In this study, we focused on improving the long-term implant stability of patient-specific acetabular implants for large bone defects and tuning their biodegradable behavior. To improve the long-term implant stability, a surrogate-based optimization approach was implemented that sought to reduce implant-induced stress shielding by adjusting the stiffness of an acetabular implant. The optimized stiffness was subsequently translated into a porous implant design of varying porosity. In the initial stage of developing a computational workflow containing both the patient-specific optimization routine and the biodegradation model, the geometry of the acetabular component of the implant was assumed to be only the cup by ignoring the additional back-parts, all of which is designed to be porous and made from biodegradable materials (Fig. 10.2). Although this assumption was made for demonstration purposes and simplifying the geometry of the optimization model, the workflow can be applied to the full acetabular implant setup consisting of a cup-shaped non-degradable part (combined with a polyethylene cup) and a patient-specific porous degradable part matching the patient’s bone geometry in the future.

Demonstration of the simplified patient-specific acetabular implant used in the current study to demonstrate the developed computational workflow, which assumed to have a porous structure on its back made from biodegradable metals, a) the large bone defects in the hip bone, b) the implant used for fixing the problem in the total hip arthroplasty surgery, c) the porous structure on the back of the implant, which is assumed to be biodegradable for demonstration purposes. This part is made from non-degradable materials in real-case scenarios to provide support to the patient-specific degradable part attached to it (Fig.
Figure 10.2: Demonstration of the simplified patient-specific acetabular implant used in the current study to demonstrate the developed computational workflow, which assumed to have a porous structure on its back made from biodegradable metals, a) the large bone defects in the hip bone, b) the implant used for fixing the problem in the total hip arthroplasty surgery, c) the porous structure on the back of the implant, which is assumed to be biodegradable for demonstration purposes. This part is made from non-degradable materials in real-case scenarios to provide support to the patient-specific degradable part attached to it (Fig. 1). Polyethylene liner is not shown.

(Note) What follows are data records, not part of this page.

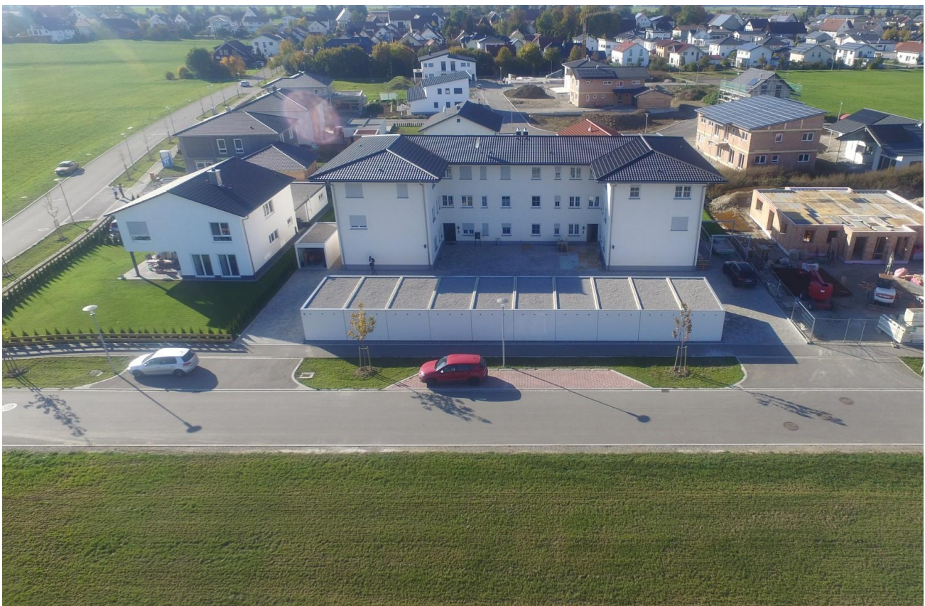
Wohngebäude - Lage
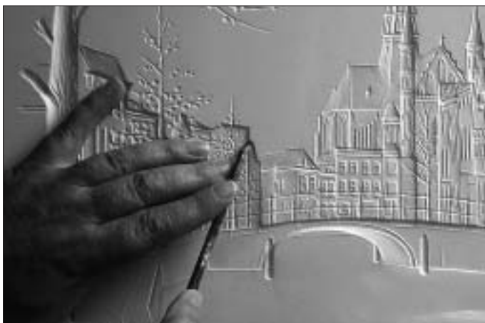
Details aanbrengen in het tegendeel.

Wat mij drijft is dat ik houd van de stad waar ik geboren ben en opgegroeid, en van de vele monumenten uit een rijk verleden, waar de sfeer nog van te proeven is. Ook zelf zie ik maar vaak een deel van de schoonheid van de vele geveltjes en gebouwen in onze stad, haastig als ook ik ben. Echter, als je een stadsbeeld uitsnijdt in het gips, en daarbij wel heel goed moet kijken en daar langdurig mee bezig bent, dan valt op wat een mooie stad Gouda is!
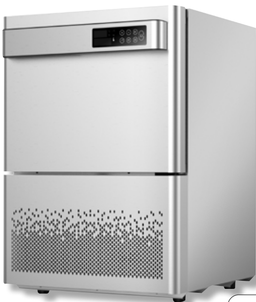
Abbattitore VST BF100 SS
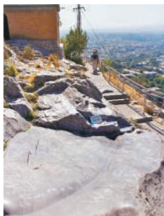
■當地人用來祈福的「滑石」

從列寧廣場步行5分鐘便可見當地的一座俄羅斯東正教堂，是在蘇聯解體後重新開放的，而吉爾吉斯斯坦最大的清真寺和建於16世紀的拉巴特·阿布杜勒汗清真寺都可以在奧什找到。說到此就不得不提這座城裡最大的宗教聖跡，也是吉爾吉斯斯坦唯一的世界遺產——蘇萊曼山，其實它提供了一個俯瞰奧什城市及郊區全貌的最佳觀測點，整個山體幾乎沒有植物覆蓋。有趣的是當地政府在一個山洞裡開設了個博物館，藏品涉及考古、地理和歷史文物的藏品以及關於當地動植物信息，如果有機會參觀即使是在炎炎夏季，也一定要穿上一件外套。山中另一處玄妙的神秘之景是位於山腰的「滑石」，不知它的中文應當怎樣翻譯，一塊光滑油亮的巨型岩片與山體相連，稍有坡度，伊斯蘭教徒會脫掉鞋襪，躺在石上，從高處滑下，往復三次，便是一種祈福。記者去的時候剛剛是周日的午後，當地人穿上單薄拖家帶口地來爬山，小孩子們會沉浸在滑石的快樂中，可能他們並沒有理解動作背後的宗教意味，只是孩童的玩樂，但是，你會感受到宗教滲透在日常生活的那種溫和。
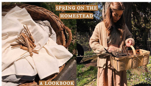
Fig. 15. Spring on the homestead - A lookbook(Girl in calico, 2020).

이 유형 속의 비건 유튜버들은 편안한 말투를 사용하거나 재미있는 멘트나 편집 효과 등을 통해서 관련 정보를 지루하지
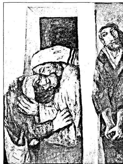
Der barmherzige Vater

Zu einem solchen mystagogischen, erfahrungsgesättigten und spirituellen Zugang zum Geheimnis des christlichen Glaubens gehört nicht zuletzt die Hinführung des
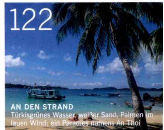
AN DEN STRAND Türkisgrünes Wasser, weißer Sand, Palmen im lauen Wind: ein Paradies namens An Thoi
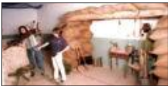
Museo de la batalla del Ebro (Gandesa)
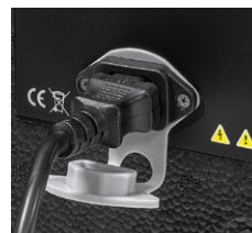
Presenza della corrente posizionata sul retro del contenitore.
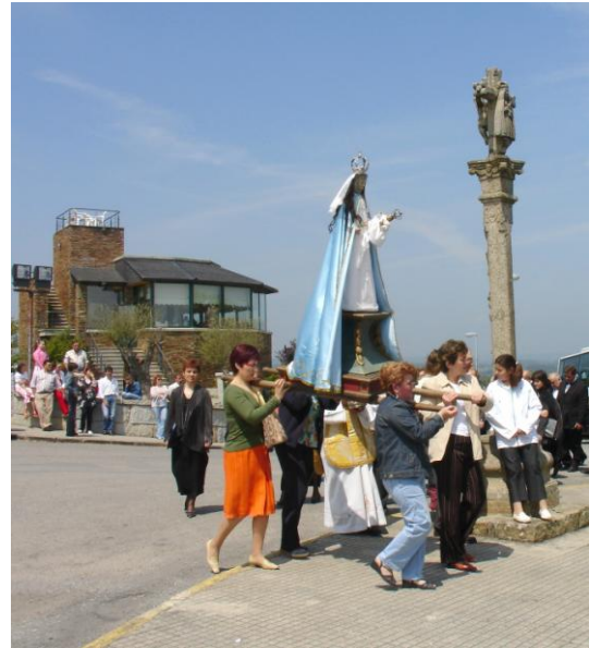
ADVOCACIÓN MARIANA DA VIRXE DO MONTE EN PROCESIÓN

A quantitative mathematical model of the degradation process is a useful tool for tuning the biodegradation and material release rate, allowing researchers to study the biodegradation behavior of any desired implant in silico (in the computer) prior to conducting any in vitro or in vivo experiments. Developed mathematical models can be simulated using efficient numerical schemes such as the finite element method. The primary challenge here will be achieving a high numerical accuracy at the interface between the implant and surrounding tissue in the body since the interface plays an important role in the degradation phenomena. Increased accuracy means increased computational cost and resources (especially time), but high-performance computing (HPC) techniques can be used to overcome this challenge.

The implant design optimization (surrogate-based and topology optimization) is the PhD work of Fernando Perez-Boerema (in preparation), that is extended in this chapter with a model of the metal biodegradation process. Hence, the focus of the description here will be on the coupling with the degradation module as well as the improvement of the use of HPC techniques.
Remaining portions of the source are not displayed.